**Exercise instructions:** Take the line with "Dos personas pertenecientes" as the first and the last line of the data as the end. Write out both and every line between exactly, except pictures.

** Opening Provided data block **

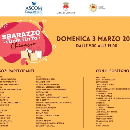 Raddoppia lo “Sbarazzo”: dopo il successo dello scorso settembre, ecco una nuova occasione di fare shopping approfittando delle imperdibili offerte dei negozi partecipanti, in un evento organizzato da Confcommercio Ascom Torino e Provincia, Ascom Chivasso con il Patrocinio della Città di Chivasso.
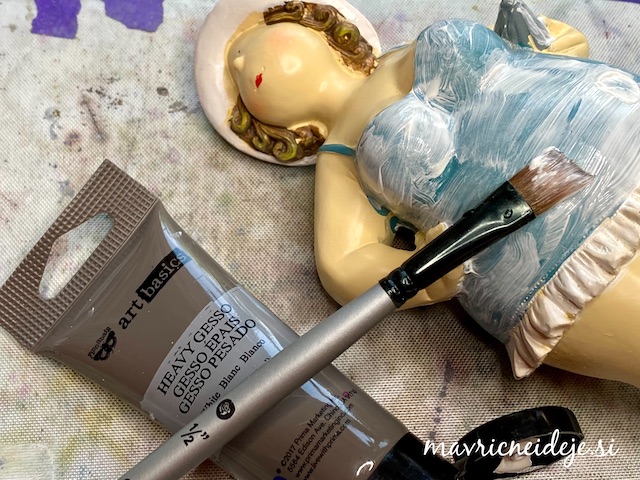 Na veliko čvrsto škatlo iz papirja sem najprej nanesla črn gesso premaz. Tako sem poenotila različne površine, saj je bila škatla potiskana z gladkim in mat potiskom.
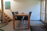 Wohnraum mit yallo TV / Radio, WLAN Zugang im ganzen Haus, Essecke für sechs Personen.
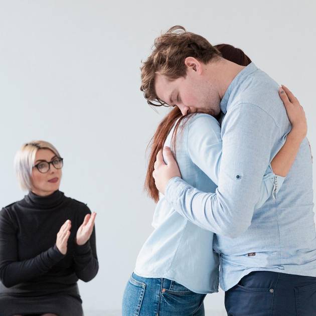 Dos personas pertenecientes al mismo grupo familiar que tengan un vínculo dañado y no sea posible restaurarlo verbalmente, tienen la oportunidad de una confrontación emocional mediante un abrazo, y ese es el sentido de la terapia de contención.
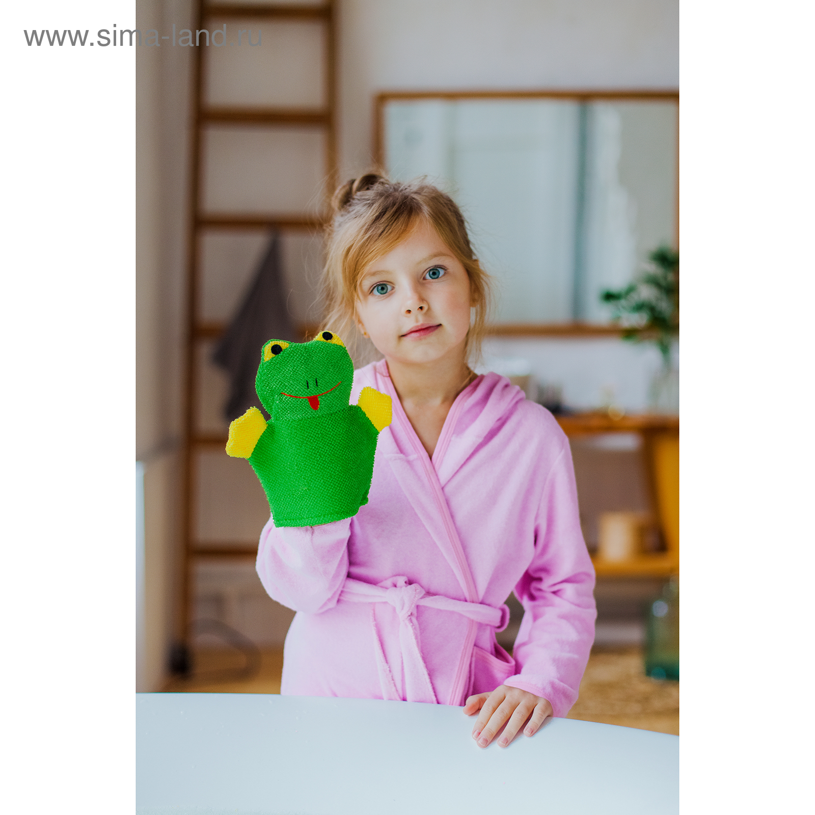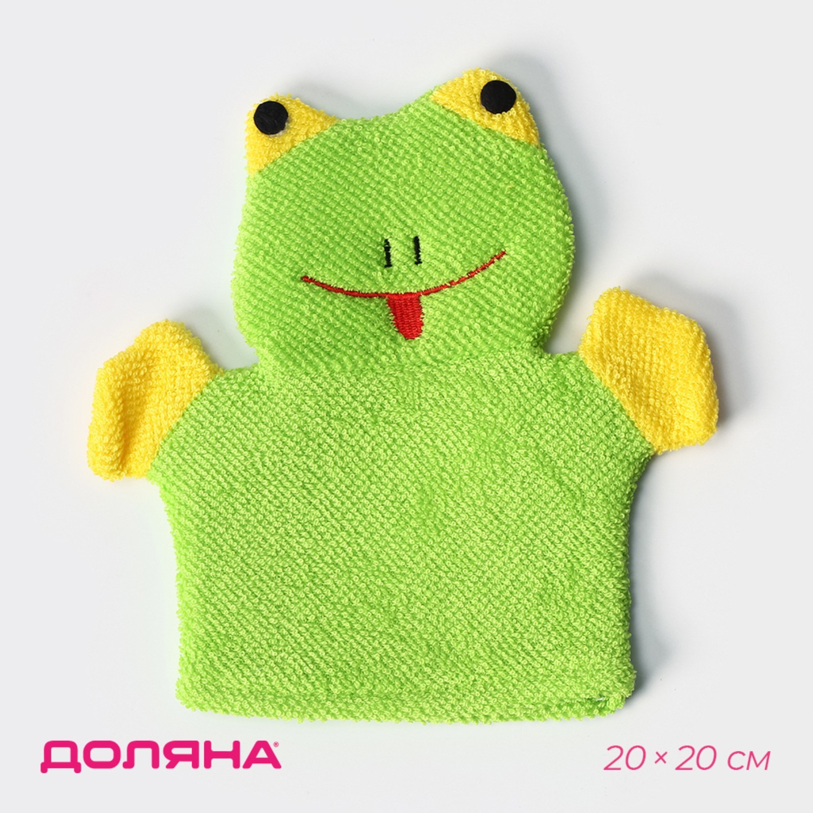 Мочалка-варежка детская для купания доляна «лягушонок», 21 см

** Closing Provided data block **

**Answer to this problem:**
 Dos personas pertenecientes al mismo grupo familiar que tengan un vínculo dañado y no sea posible restaurarlo verbalmente, tienen la oportunidad de una confrontación emocional mediante un abrazo, y ese es el sentido de la terapia de contención.
 Мочалка-варежка детская для купания доляна «лягушонок», 21 см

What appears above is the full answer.